BACKGROUND: Th2 lymphocyte responses are associated with inflammation and disease during allergic responses. Exposure to particular environmental factors during the expression of allergy could result in more pronounced Th2-like immune responses and more severe disease. One factor might be a respiratory virus infection.
OBJECTIVE: The aim of our study was to investigate the influence of respiratory syncytial virus (RSV) infection on the expression of ovalbumin (OVA)-induced allergy in BALB/c mice.
METHODS: We determined OVA-specific IgE in serum, cytokine profiles and histopathological lesions in lungs of OVA-allergic mice after RSV infection.
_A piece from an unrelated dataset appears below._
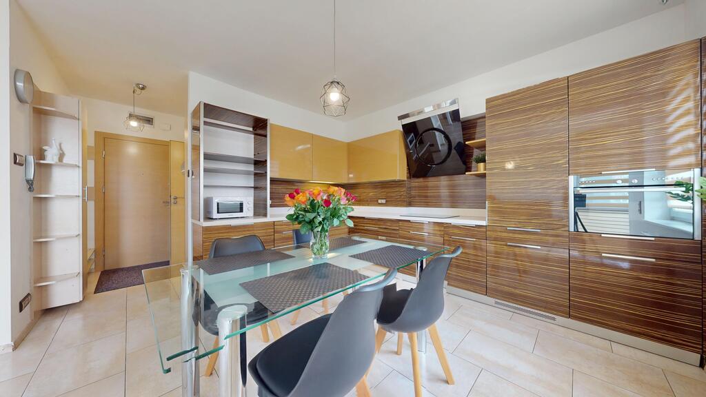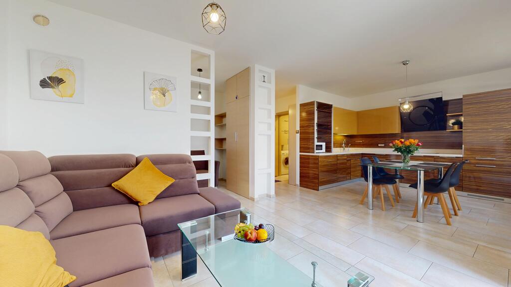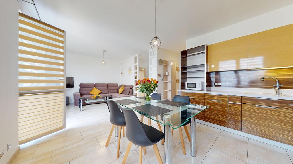 Apartament jest kompletnie wyposażony. W kuchni znajdują się meble wykonane na wymiar ze sprzętem AGD w zabudowie (lodówka, płyta indukcyjna, okap, zmywarka, piekarnik) oraz stół z krzesłami. W salonie narożnik i stolik kawowy, zaś w sypialni kanapa dwuosobowa, szafa oraz półki. Garderoba wyposażona jest w funkcjonalną zabudowę, złożoną z półek, szuflad i wieszaków. Łazienka posiada kabinę prysznicową, wc, umywalkę z szafką i pralkę z zabudową. W korytarzu został zabudowany na wymiar i znajduje się w nim dużo miejsca do przechowywania odzieży itp.

RESULTS: OVA sensitization and challenge induced OVA-specific IgE in serum, Th2 cytokine mRNA expression, and mononuclear and eosinophilic inflammation in the lungs. RSV inoculation during the challenge period enhanced OVA-induced IL-4 and IL-5 mRNA expression in lung tissue. RSV further enhanced the OVA-induced hypertrophy of mucous cells and eosinophilic infiltration in lung tissue. Surprisingly, RSV infection decreased Th2 cytokine secretion and eosinophilic influx in bronchoalveolar lavage of OVA-allergic mice. Because inactivated RSV did not influence these responses, replication of RSV appeared essential for the modification of OVA-induced Th2 cytokine expression. RSV did not change OVA-specific IgE levels in serum. Furthermore, the RSV-induced IL-12 mRNA expression in lung tissue of OVA-allergic mice was diminished, but IFN-gamma mRNA expression was not affected.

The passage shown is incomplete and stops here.